There’s No Such Thing as Sitting Still

It’s no secret that I have a problem with authority. At different times in my life, and for different reasons, I have been absolutely terrified of turning into the person I am right now. I used to think that weighing more than 105 lbs was the worst thing I could do. Then I thought it might be working in an office, or being in a monogamous heterosexual relationship. Talking to my mom again, wanting to leave LA, having a cell phone, and purchasing my clothes in a retail establishment are all neatly crossed off the massive list of shit I’d never fucking do.

To a certain extent, everybody has a list like this that they carry around with them, crossing off and adding new items as their experience and their circumstances change. There’s nothing wrong with it, in fact any person who refrained from everything, or even most of the things they said they’d never do is probably severely disturbed. Change is necessary for growth. Staying in your personal comfort zone is basically a death sentence.

As ridiculous as it seems, working in an office, paying my bills, and having a loving relationship with a man I respect, who respects me is just about as far from my comfort zone as I’ve ever been, and if things go right, that’s not nearly as far away as I’ll get. I’m not sure what’s in store for me, but I’d like to be respected in my field, to own a house, to be somebody’s mom, to go somewhere new and be a part of a community, be a part of a family in a way that doesn’t make me sad or angry or lonely. There’s a life I want for myself that seems extremely safe, and boring and normal, but for me it would be an adventure, something I never thought I would get to do even if I wanted to.

One of the drawbacks of having a boring life is that the days can blend together, giving one the illusion of standing still, even when movement is actually happening. The other day I was at work, and I came across some little evidence that someone else’s life was really working out for them and I felt desperate. Not because somebody else is having an awesome life, even I have trouble being that petty (at least for the moment), but because I felt this person was evidence that somewhere, somehow, in the universe outside my cube walls, life was happening away without me. People were meeting, making memories and having successful carers while I continued to drive the same car from the same apartment through the same traffic to sit in the same cube, type the same collection of phrases and Photoshop commands for the same predesignated number of hours before I did the whole thing in reverse, only to wake up and do it again the next day.

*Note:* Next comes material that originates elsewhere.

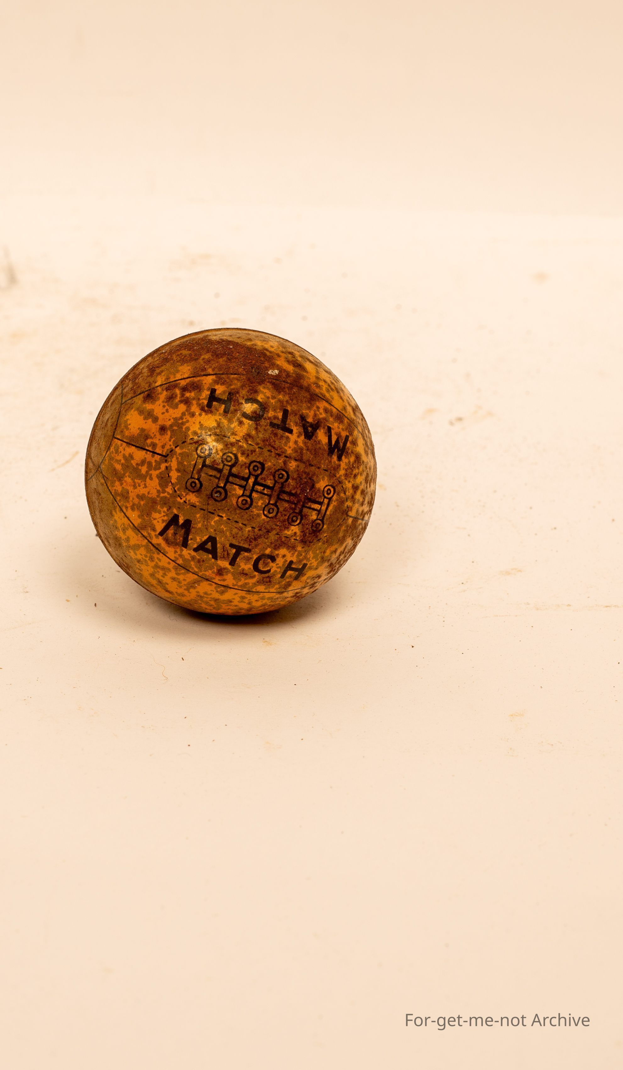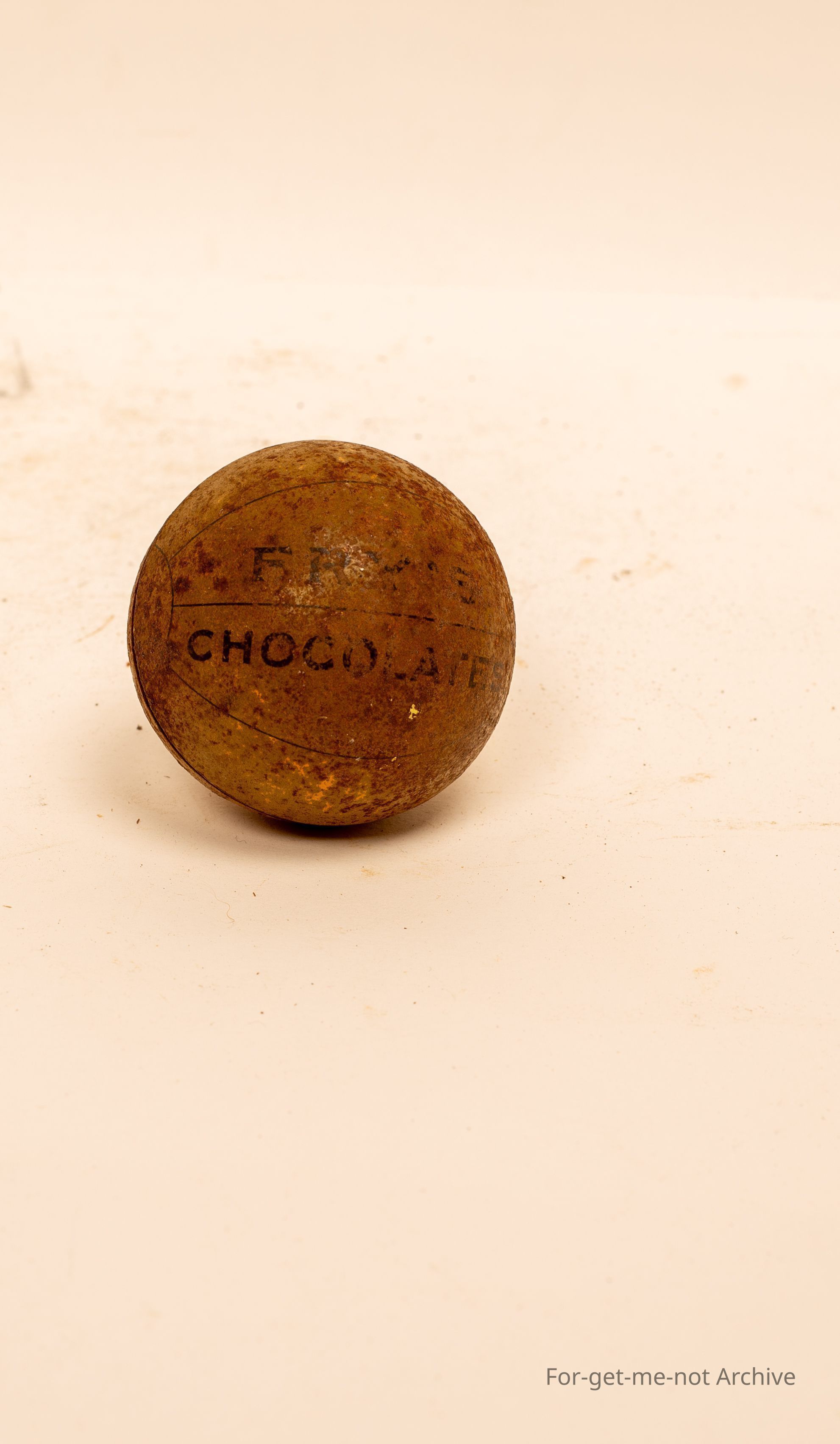 Fry's, chocolate tin, in the shape of a soccer ball called Match, in very down condition, but a rare item.

Sometimes the world seems to spin so quickly, that I look up and the topography of my life is completely different. Other times it feels like everybody else is fast-tracking their destiny while I’m just sitting here. Neither is really the case. I like to think of things in grand gestures: up by the boot straps, skin of my nose, nick of time type of situations, but life is rarely actually like that. There are a billion little elements that lend themselves to each success, each failure, each learning experience. Millions of relationships, thousands of days, countless decisions, and adjustments, and acts of nature contribute to what we think of as our lives. The earth is still moving, even if we can’t feel it go. Life is still happening, even if we seem to be stationary.

I have to remember that while it feels like I’m not moving, I’m speeding through time, wasting the days I spend dwelling in self-pity. If I don’t like something about my life, or I don’t want it to be a permanent fixture, even if I’m happy with it for the moment, it’s only the rag-tag pile of effort and planning, and random weather patterns that will change that thing, or any thing I don’t want to keep around. It’s good to remember that the majority of everyone’s days are the same as the majority of all their other days until one day: you get a new job, you move to a new city, your ill begotten Malibu mansion goes tumbling into the ocean and every day after that is a completely different kind of exactly the same until something else occurs. It’s the slow, imperceptible movements I make as an individual, just like the slow, imperceptible movements of my planet that contribute to the weight of a life in the long run.

I just needed that pep talk for myself. I hope it helped you guys out too.

3 Replies to “There’s No Such Thing as Sitting Still

  1. Hmm. I was wondering what happened to I love lard, but found this.

    Not sure if I should share thoughts about anything in particular, but an idea I like is that no matter /what/ is happening, it is always the next step in the journey.

    1. Weird. I just replied to this and the comment got lost in the ether. So there might be two answers here at some point.

      Anyway, I Love Lard is still going strong at http://www.ilovelard.com. We update once a month, in the first week of the month. I had been keeping the blog and the show separate from each other because of some of the things I’ve said on the show, but I’m starting to think that matters less and less. There’s so many hours of recording now that finding anything truly incriminating would be a monumental task, and anything embarrassing I (hopefully) said so long ago now it doesn’t really matter.

      As for the next step in the journey, I agree. There’s no such thing as wasted time.